» **Directions**:
Please output the data exactly, minus pictures.

» **Dataset extract**:
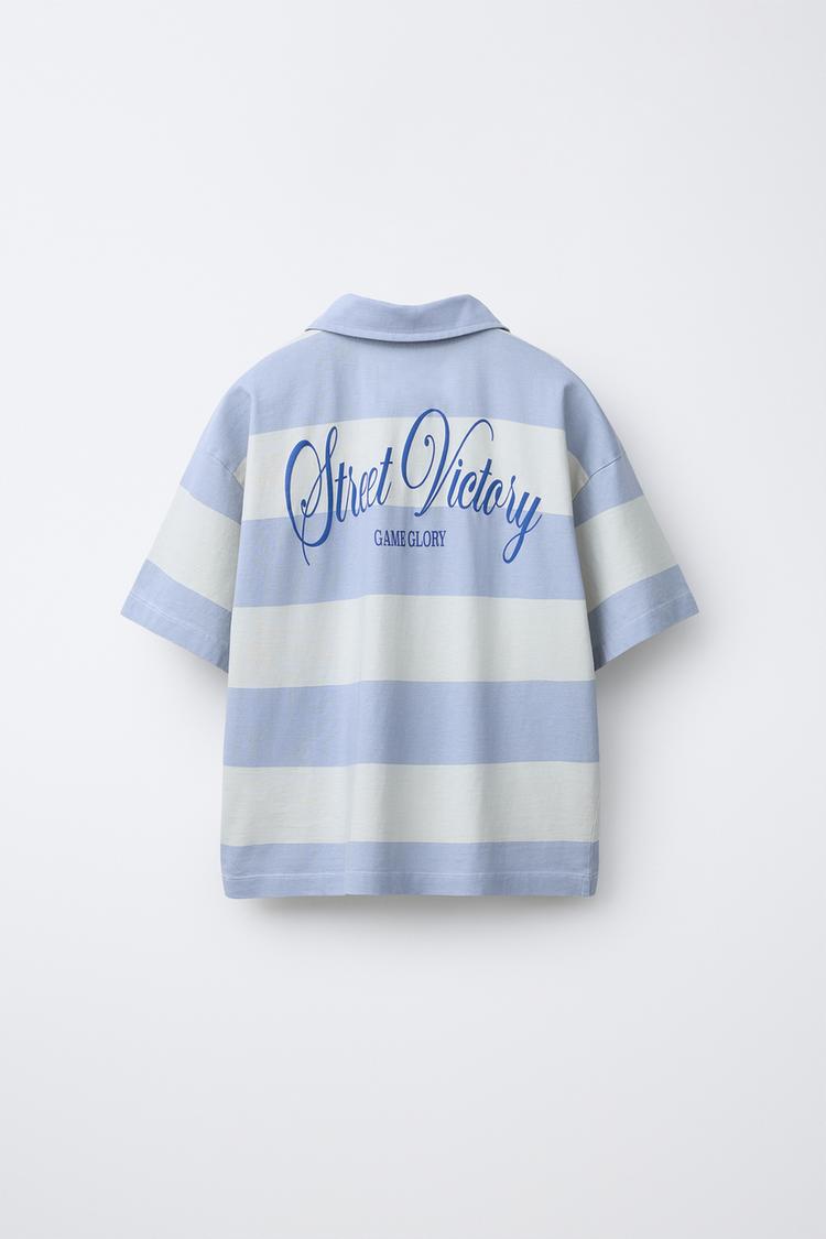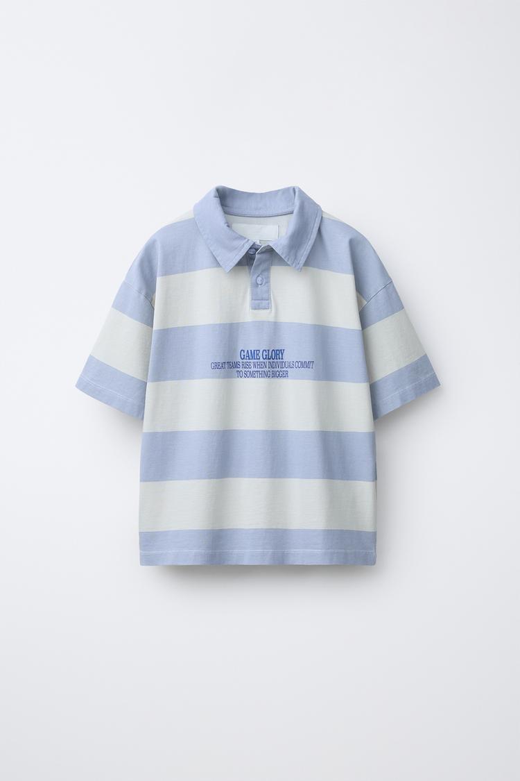 Поло с воротником поло и короткими рукавами. Принт в полоску и текст спереди и сзади.
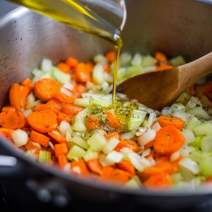 Heat olive oil in a large pot over medium heat. Add the onion, garlic, carrots, and celery. Cook for about 5–7 minutes until the vegetables are soft and fragrant.
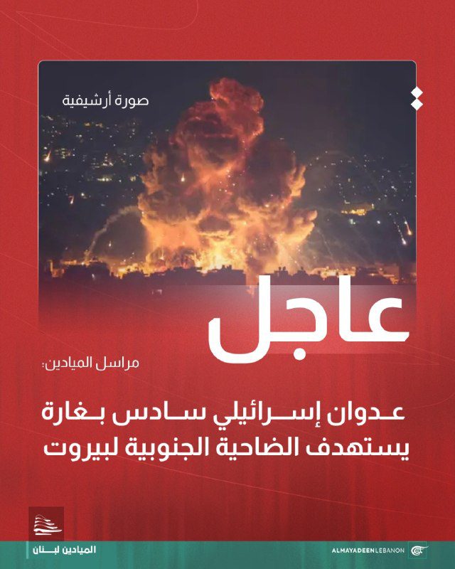 #عاجل مراسل الميادين:عدوان إسرائيلي سادس بغارة يستهدف الضاحية الجنوبية لبيروت#الميادين_لبنان… مراسل الميادين: عدوان إسرائيلي سادس بغارة يستهدف الضاحية الجنوبية لبيروت #الميادين_لبنان
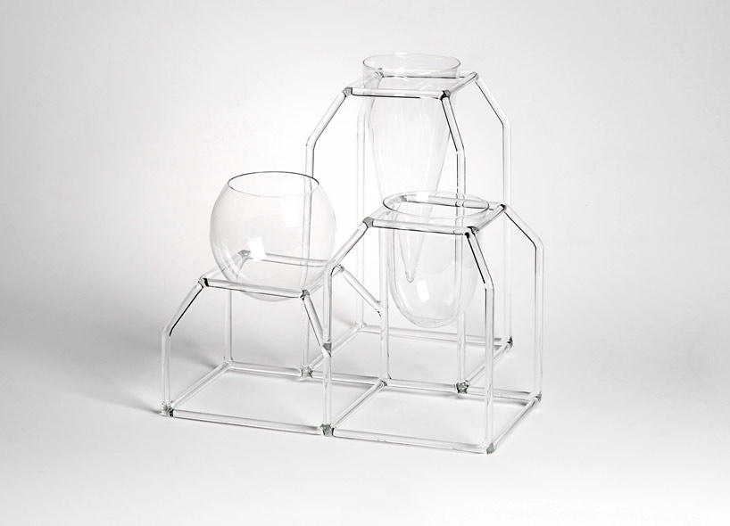 three micro architectures take shape as a series of ‘shelters’, joined as a communal unit. the ordered and consistent intersections are interrupted by bold and floating shapes. together they form a collective geometry to become three vases of different heights.
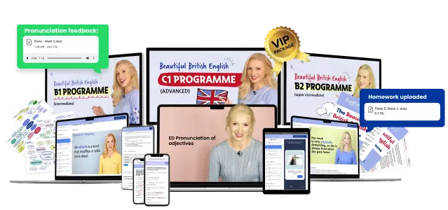My Beautiful British English Programmes are 12-week courses designed to take your English to the next level, as defined by the CEFR.
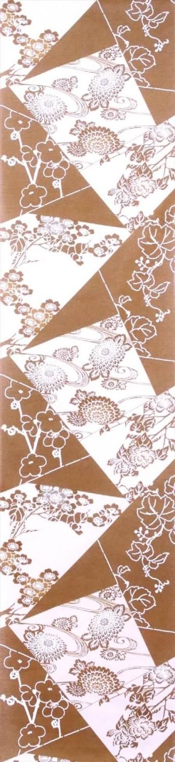 浴衣 反物 綿絽 No.196 梅・菊柄・桑茶地

» **Output below**:
 Поло с воротником поло и короткими рукавами. Принт в полоску и текст спереди и сзади.
 Heat olive oil in a large pot over medium heat. Add the onion, garlic, carrots, and celery. Cook for about 5–7 minutes until the vegetables are soft and fragrant.
 #عاجل مراسل الميادين:عدوان إسرائيلي سادس بغارة يستهدف الضاحية الجنوبية لبيروت#الميادين_لبنان… مراسل الميادين: عدوان إسرائيلي سادس بغارة يستهدف الضاحية الجنوبية لبيروت #الميادين_لبنان
 three micro architectures take shape as a series of ‘shelters’, joined as a communal unit. the ordered and consistent intersections are interrupted by bold and floating shapes. together they form a collective geometry to become three vases of different heights.
My Beautiful British English Programmes are 12-week courses designed to take your English to the next level, as defined by the CEFR.
 浴衣 反物 綿絽 No.196 梅・菊柄・桑茶地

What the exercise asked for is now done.